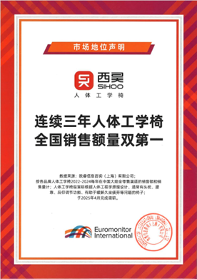 在这一背景下,西昊以国家标准制定者的角色回应市场需求。作为参与《健康家居的人类工效学要求 第3部分:办公桌椅》国家标准起草的企业之一,西昊将人体工程学的研究成果转化为可量化、可落地的办公椅结构方案。同时,根据欧睿国际(Euromonitor International)数据显示,西昊已连续三年在中国大陆人体工学椅品类中实现零售渠道销售额与销量双第一,这一结果基于 2022–2024 年度全国市场统计,覆盖主流电商及核心零售渠道。
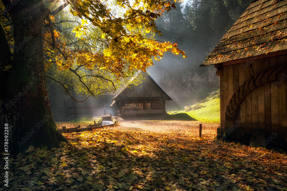 Fototapeta Traditional wooden cottages in autumn forest with sunlight and colorful leaves
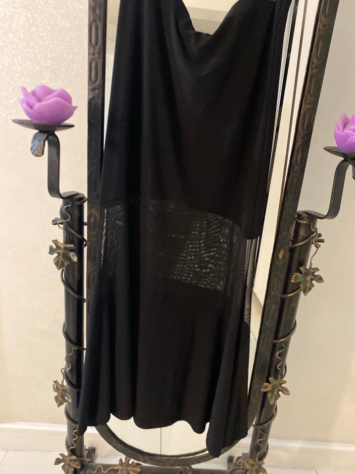 Siyah, işlemeli, uzun ve drapeli bu etek, ince ve ipeksi dokusuyla romantik akşamlar için uygundur.
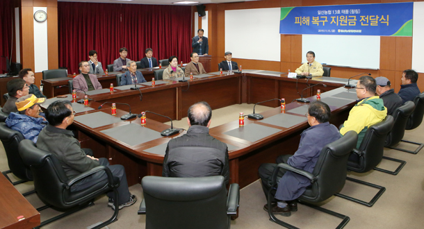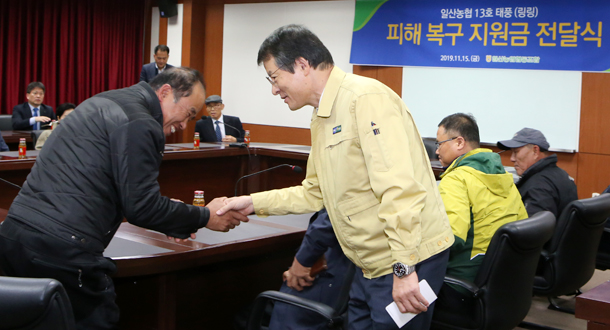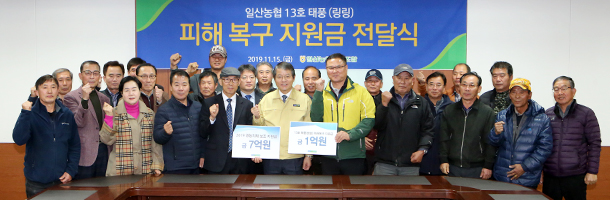 지난 9월 상륙한 제13호 태풍 ‘링링’으로 인해 크고 작은 피해를 입은 346여 농가에 일산농협이 1억 원의 피해복구 지원금을 농민들에게 전달했다. 지난 15일 일산농협 본점 2층 소회의실에서는 김진의 조합장을 비롯해 일산농협 이사와 작목반 연합회, 시설채소추진위원들과 농민들이 참석해 피해복구지원금 전달식을 가졌다. 전달식 이외에도 농민들을 위한 APC(농산물산지유통센터)사업과 미래 방향성, 농자재 지원 등의 대화를 나누는 자리도 됐다.
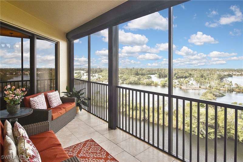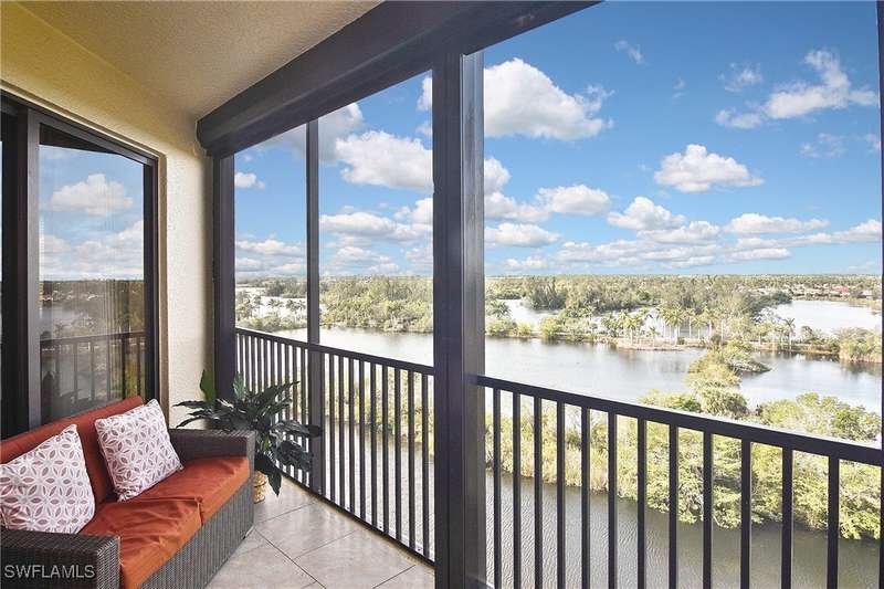Welcome to this stunning condo at Riva Del Lago, Experience the luxury and carefree living from the 9th floor end unit over looking panoramic views of Lakes Park. Step inside the well designed open layout featuring expansive floor to ceiling sliding glass doors, engulfing the living space with the natural light and captivating the scenery. This 3 bedroom. 3 bathroom with almost 1900 sq ft of living. Crown Molding, A/C 2021, impact windows and automatic hurricane screen on lanai for added protection. Plenty of space to entertain and enjoy the breathtaking sunsets. This condo is move in ready and waiting for you to start living the Florida lifestyle today. Riva Del Lago's beautiful amenities include resort style pool and spa, billiards and fitness center, business center, library, tennis court, private access to Lakes Park.

════

- HOW TO COMPLETE THIS TASK -
Work from the entries above. Set down exactly and only the lines from the line with "Fototapeta Traditional wooden" to the line with "Siyah, işlemeli, uzun", both included, and leave the pictures out.

- ANSWER BOX -
 Fototapeta Traditional wooden cottages in autumn forest with sunlight and colorful leaves
 Siyah, işlemeli, uzun ve drapeli bu etek, ince ve ipeksi dokusuyla romantik akşamlar için uygundur.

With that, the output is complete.